(Stored records)

□ □ □ □

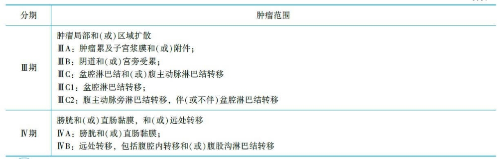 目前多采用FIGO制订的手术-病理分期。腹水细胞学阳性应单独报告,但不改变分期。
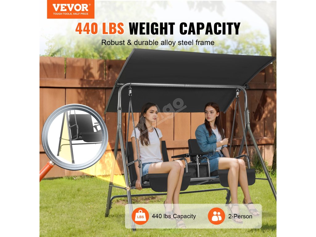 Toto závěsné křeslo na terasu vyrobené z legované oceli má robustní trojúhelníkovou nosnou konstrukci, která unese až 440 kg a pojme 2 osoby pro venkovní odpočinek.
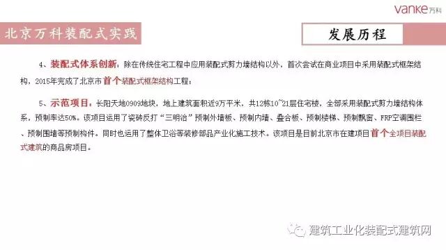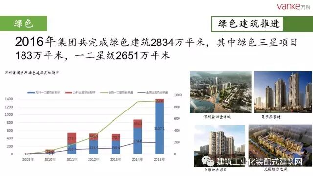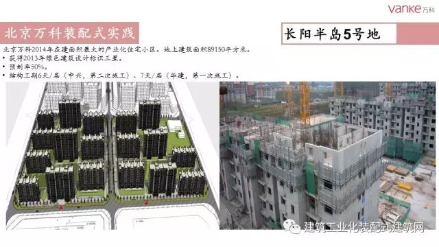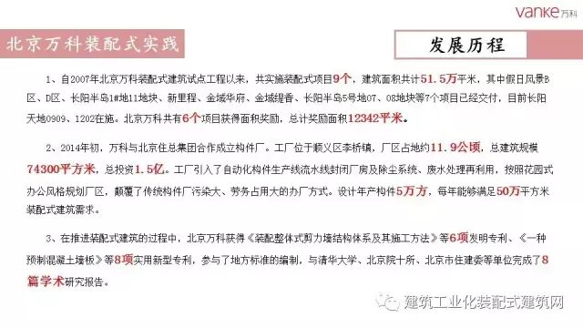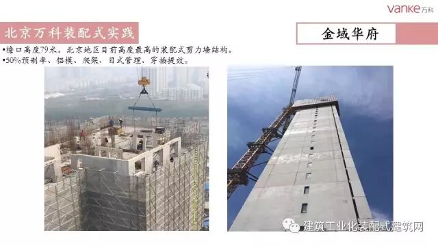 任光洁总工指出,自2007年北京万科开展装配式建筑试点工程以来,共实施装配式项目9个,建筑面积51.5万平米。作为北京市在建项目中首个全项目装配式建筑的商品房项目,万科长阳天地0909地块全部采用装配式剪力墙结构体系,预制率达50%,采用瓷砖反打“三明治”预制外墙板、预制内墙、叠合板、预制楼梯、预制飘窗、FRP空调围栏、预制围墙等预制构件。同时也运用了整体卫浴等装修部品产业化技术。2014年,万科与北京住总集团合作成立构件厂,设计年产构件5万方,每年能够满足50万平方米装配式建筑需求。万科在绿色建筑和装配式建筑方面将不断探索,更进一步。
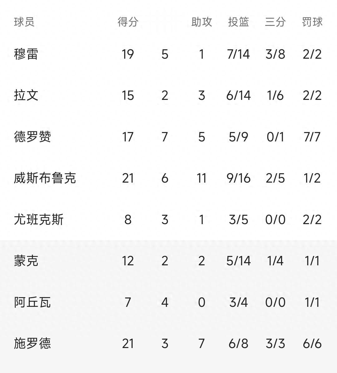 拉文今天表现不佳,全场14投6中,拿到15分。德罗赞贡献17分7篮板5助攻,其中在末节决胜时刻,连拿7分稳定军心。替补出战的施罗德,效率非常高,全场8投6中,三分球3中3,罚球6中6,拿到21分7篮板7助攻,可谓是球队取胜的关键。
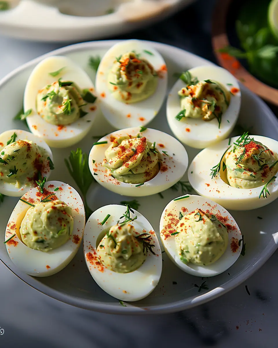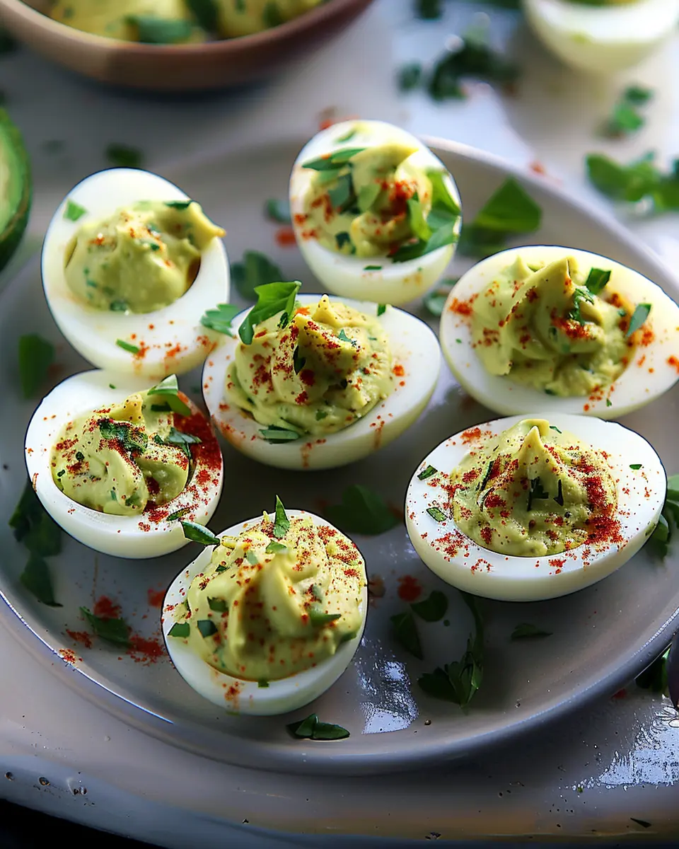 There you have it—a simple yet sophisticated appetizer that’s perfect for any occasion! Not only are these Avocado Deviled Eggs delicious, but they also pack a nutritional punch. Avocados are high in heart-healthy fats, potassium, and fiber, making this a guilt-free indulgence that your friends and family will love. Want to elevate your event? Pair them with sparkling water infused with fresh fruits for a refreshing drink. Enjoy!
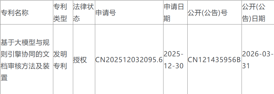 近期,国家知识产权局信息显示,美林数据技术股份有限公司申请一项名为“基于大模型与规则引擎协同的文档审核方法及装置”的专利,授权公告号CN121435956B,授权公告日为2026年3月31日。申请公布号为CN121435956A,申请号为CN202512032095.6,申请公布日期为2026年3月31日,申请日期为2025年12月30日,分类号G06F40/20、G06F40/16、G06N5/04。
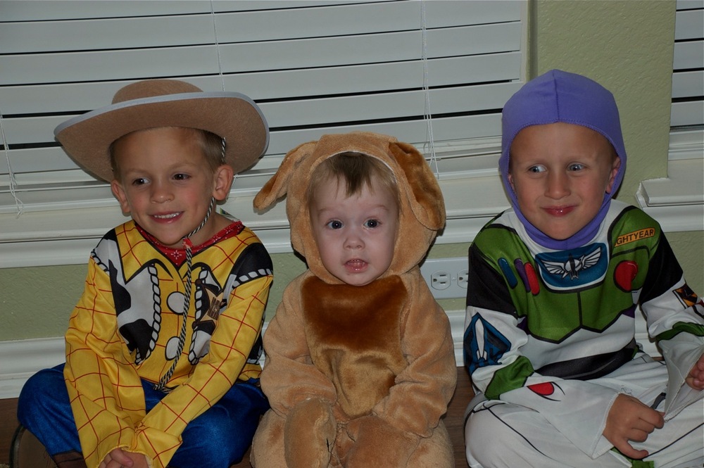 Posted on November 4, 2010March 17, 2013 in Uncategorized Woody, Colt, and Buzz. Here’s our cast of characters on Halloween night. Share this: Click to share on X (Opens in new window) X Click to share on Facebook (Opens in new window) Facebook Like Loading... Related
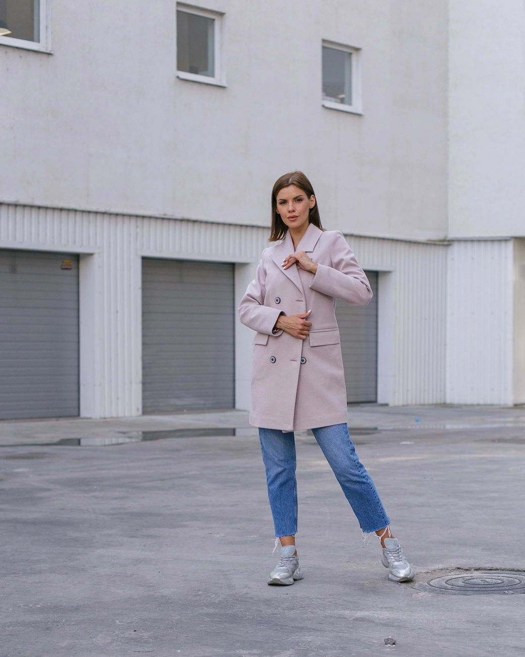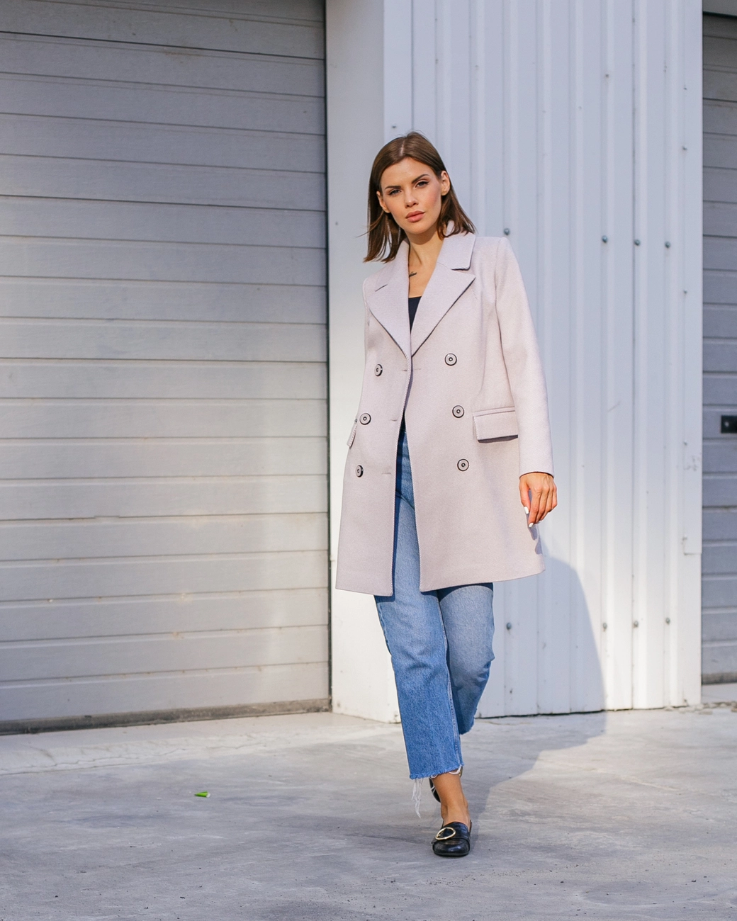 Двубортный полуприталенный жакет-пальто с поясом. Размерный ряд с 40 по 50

□ □ □ □

What you are asked to do:
Copy the lines from the line that contains "Toto závěsné křeslo" through the end of the records, exactly and with nothing added; leave the pictures out.

Task response:
 Toto závěsné křeslo na terasu vyrobené z legované oceli má robustní trojúhelníkovou nosnou konstrukci, která unese až 440 kg a pojme 2 osoby pro venkovní odpočinek.
 任光洁总工指出,自2007年北京万科开展装配式建筑试点工程以来,共实施装配式项目9个,建筑面积51.5万平米。作为北京市在建项目中首个全项目装配式建筑的商品房项目,万科长阳天地0909地块全部采用装配式剪力墙结构体系,预制率达50%,采用瓷砖反打“三明治”预制外墙板、预制内墙、叠合板、预制楼梯、预制飘窗、FRP空调围栏、预制围墙等预制构件。同时也运用了整体卫浴等装修部品产业化技术。2014年,万科与北京住总集团合作成立构件厂,设计年产构件5万方,每年能够满足50万平方米装配式建筑需求。万科在绿色建筑和装配式建筑方面将不断探索,更进一步。
 拉文今天表现不佳,全场14投6中,拿到15分。德罗赞贡献17分7篮板5助攻,其中在末节决胜时刻,连拿7分稳定军心。替补出战的施罗德,效率非常高,全场8投6中,三分球3中3,罚球6中6,拿到21分7篮板7助攻,可谓是球队取胜的关键。
 There you have it—a simple yet sophisticated appetizer that’s perfect for any occasion! Not only are these Avocado Deviled Eggs delicious, but they also pack a nutritional punch. Avocados are high in heart-healthy fats, potassium, and fiber, making this a guilt-free indulgence that your friends and family will love. Want to elevate your event? Pair them with sparkling water infused with fresh fruits for a refreshing drink. Enjoy!
 近期,国家知识产权局信息显示,美林数据技术股份有限公司申请一项名为“基于大模型与规则引擎协同的文档审核方法及装置”的专利,授权公告号CN121435956B,授权公告日为2026年3月31日。申请公布号为CN121435956A,申请号为CN202512032095.6,申请公布日期为2026年3月31日,申请日期为2025年12月30日,分类号G06F40/20、G06F40/16、G06N5/04。
 Posted on November 4, 2010March 17, 2013 in Uncategorized Woody, Colt, and Buzz. Here’s our cast of characters on Halloween night. Share this: Click to share on X (Opens in new window) X Click to share on Facebook (Opens in new window) Facebook Like Loading... Related
 Двубортный полуприталенный жакет-пальто с поясом. Размерный ряд с 40 по 50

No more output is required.